Mystery as retired economist, 83, vanishes while walking his dogs near rural Turkish retreat – as his British wife and daughter beg for help finding him after massive month-long manhunt found no trace
- Korhan Berzeg vanished on June 17, while walking in woods near his hometown
- The whereabouts of the 83-year-old remain unknown more than five weeks on
- His British wife and daughters are now calling for help in cracking his case
The British family of a renowned Turkish economist who seemingly disappeared without a trace while walking his dogs in the forest are begging for help after large-scale search efforts turned up no leads.
Korhan Berzeg, 83, vanished on Saturday, June 17, while walking in the woods in Armutlu, close to the Gönen district of his hometown Balikesir, where the family was visiting from their regular home – a stunning villa on an island close to the capital Istanbul.
His Doberman pinscher Tina also disappeared, with his second dog – an adopted stray named Esmeralda – only alerting the family when she turned up at the house alone.
Grandfather-of-three Berzeg had recently retired after a long and storied career as a world-renowned economist which included stints as the Asia Director at the World Bank in the US, advisory roles in the US and Saudi governments, and various teaching positions at respected universities.
But now his wife Angela, 80, and daughters Sibel and Nisa, both of whom are in their 50s, have pleaded with anyone that has information on the whereabouts of their father to get in touch after sniffer dog patrols and drone searches failed to find a trace of Korhan’s presence.
Korhan Berzeg, 83, vanished on Saturday, June 17, while walking in the woods in Armutlu, close to the Gönen district of his hometown Balikesir
Korhan is seen alongside wife Angela in this picture shared on social media calling for help in solving his disappearance
‘If anyone has even the slightest inkling of information — if you have seen or heard anything that could shed light on my husband’s disappearance — I beg you to come forward,’ Angela said in comments carried by The Sun.
‘No detail is too small, every piece of information could hold the key to unravelling this bewildering mystery and restoring hope to our shattered lives.
‘Korhan, if you can hear my plea, know that your absence is felt deeply by all who love you.

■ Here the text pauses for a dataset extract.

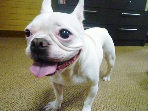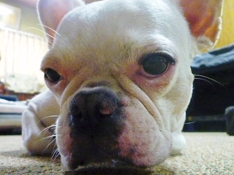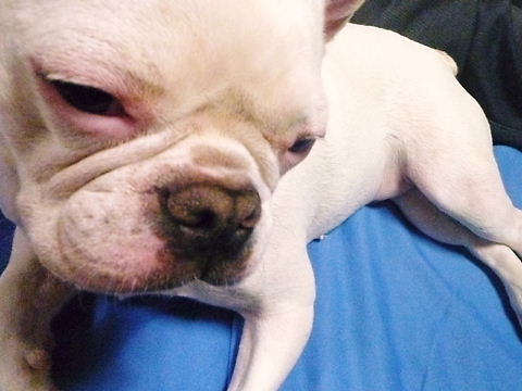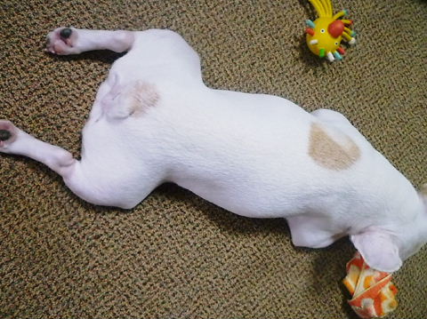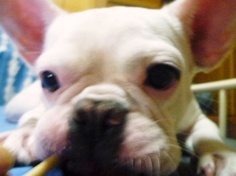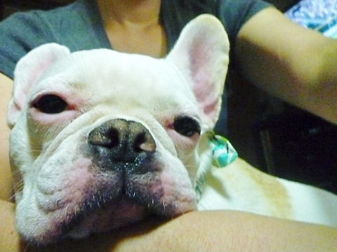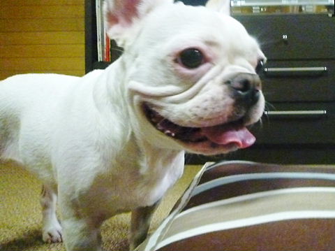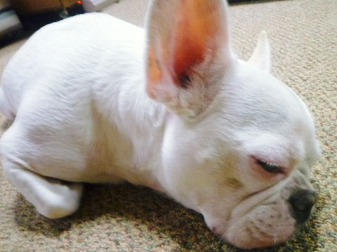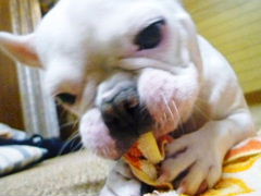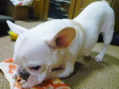 フレンチブルドッグhippieの肉球の上でコロコロ転がされる

We will never stop searching, and we will never give up hope.’
Nisa, 50, added: ‘None of it makes sense. My dad went off on his regular morning walk and never came back.

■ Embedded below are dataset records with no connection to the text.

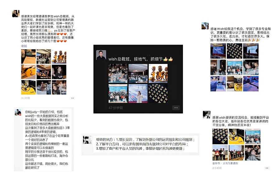 Wish总裁班作为Wish与商户的沟通桥梁,旨在帮助商户正确理解平台意图,制定符合企业长远发展的运管策略。商户能在总裁班碰撞出真知,博采众长惠及旺季,便是此次总裁班最大的收获。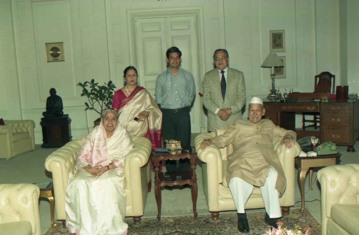 The President of India, Dr. Shankar Dayal Sharma meeting with Shri D.P. Wadhwa and his wife at Rashtrapati Bhavan in New Delhi on March 28, 1997.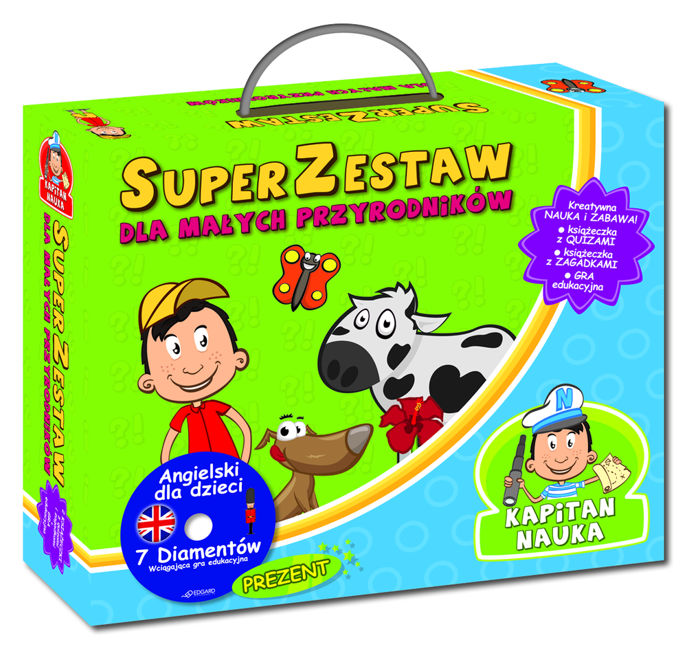 SuperZestaw dla małych przyrodników to unikalny edukacyjny pakiet, który zapewnia najmłodszym możliwość aktywnego odkrywania przyrody i zdobywania wiedzy o zwierzętach poprzez zabawę. Zestaw składa się z dwóch książeczek, które można zabrać na spacer lub w podróż – to doskonały pomysł na połączenie zabawy z edukacją! Dodatkowo do pakietu dołączono w prezencie płytę CD-ROM z wciągającą grą komputerową do nauki języka angielskiego.

‘It’s incredible that nothing — no clothing, a shoe, his glasses, a dog collar, nothing — has turned up.
‘It’s upsetting to think of it but perhaps my dad and Tina have been taken somewhere by someone and that someone may have harmed them.
‘But why? Why would anyone hurt my elderly father years after his retirement? It just doesn’t add up.’
In the past month since Korhan’s disappearance, police have canvassed an area of 200 square kilometres (77 square miles) in and around Balikesir.
Search teams have deployed sniffer and cadaver dogs in an attempt to find clues or a body, and used infrared cameras mounted to fleets of drones to scour the area from above.
The search operation extended through 22 rural neighbourhoods, 10 wells, 60 abandoned buildings and various forested areas, pathways, swamps, fields and a stream, according to authorities.
More than 300 officers took part in the search operation, but more than five weeks on from Korhan’s ill-fated stroll, the cops have nothing to show for it.
Korhan’s daughters believe he may have been kidnapped, arguing that had he suffered an accident or been injured, Tina the Doberman would have remained by his side or gone to call for help.
Tina’s disappearance alongside her owner suggests that ‘they may have both been taken somewhere’ and that ‘if Tina had been unharmed she would’ve been found by now’, according to Nisa.
Gönen’s public prosecutor’s office is continuing the investigation into Korhan’s disappearance.